* WORK TO COMPLETE: Omit every picture, then return each line of the data below exactly.
START PROVIDED MATERIAL
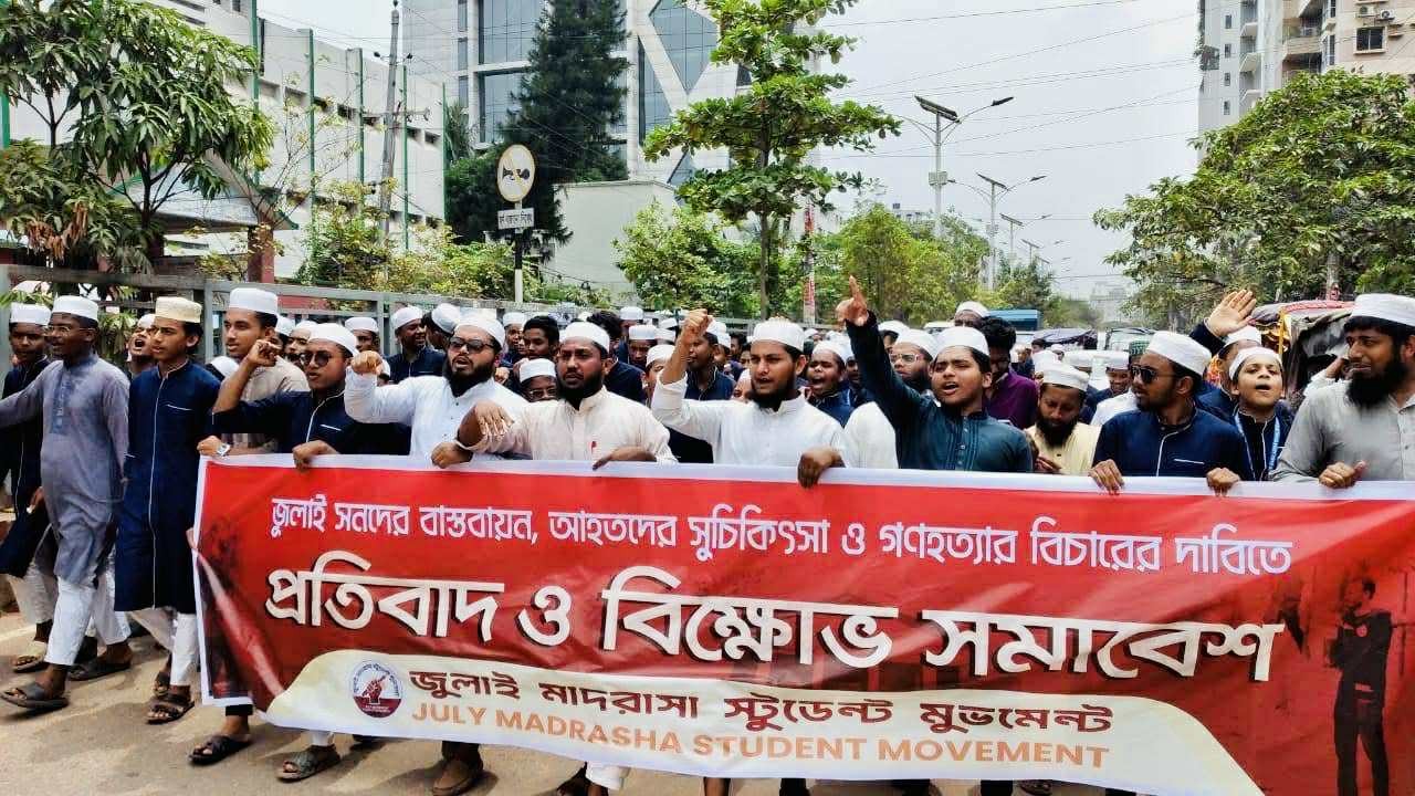 গণহত্যার দৃশ্যমান বিচারের দাবিতে রাজধানীর উত্তরায় প্রতিবাদ সমাবেশ ও বিক্ষোভ মিছিল করেছে “জুলাই মাদরাসা স্টুডেন্ট মুভমেন্ট”।
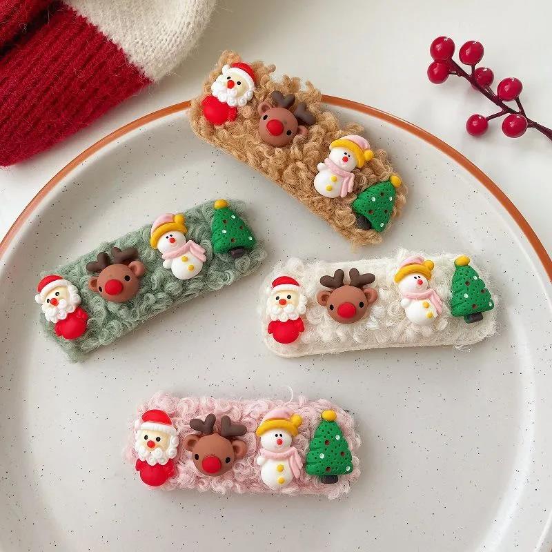 【9.9限时秒杀】秋冬新款圣诞节羊羔毛发夹bb夹可爱少女夹子毛绒边夹发卡头饰
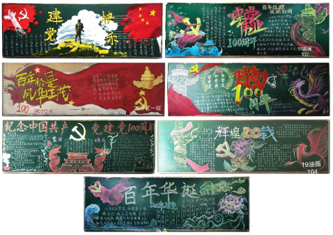 为深入开展好党史学习教育活动,引导广大青年把党的历史学习好,充分发挥专业特色,将党史学习融入到艺术设计、绘画各方面,利用形式多样的活动,调动员工党史学习积极性,伟德体育绘画教工党支部、艺术设计教工党支部与员工党支部联合开展“庆祝建党一百周年板报设计大赛”。
END PROVIDED MATERIAL
* TASK RESULT:
 গণহত্যার দৃশ্যমান বিচারের দাবিতে রাজধানীর উত্তরায় প্রতিবাদ সমাবেশ ও বিক্ষোভ মিছিল করেছে “জুলাই মাদরাসা স্টুডেন্ট মুভমেন্ট”।
 【9.9限时秒杀】秋冬新款圣诞节羊羔毛发夹bb夹可爱少女夹子毛绒边夹发卡头饰
 为深入开展好党史学习教育活动,引导广大青年把党的历史学习好,充分发挥专业特色,将党史学习融入到艺术设计、绘画各方面,利用形式多样的活动,调动员工党史学习积极性,伟德体育绘画教工党支部、艺术设计教工党支部与员工党支部联合开展“庆祝建党一百周年板报设计大赛”。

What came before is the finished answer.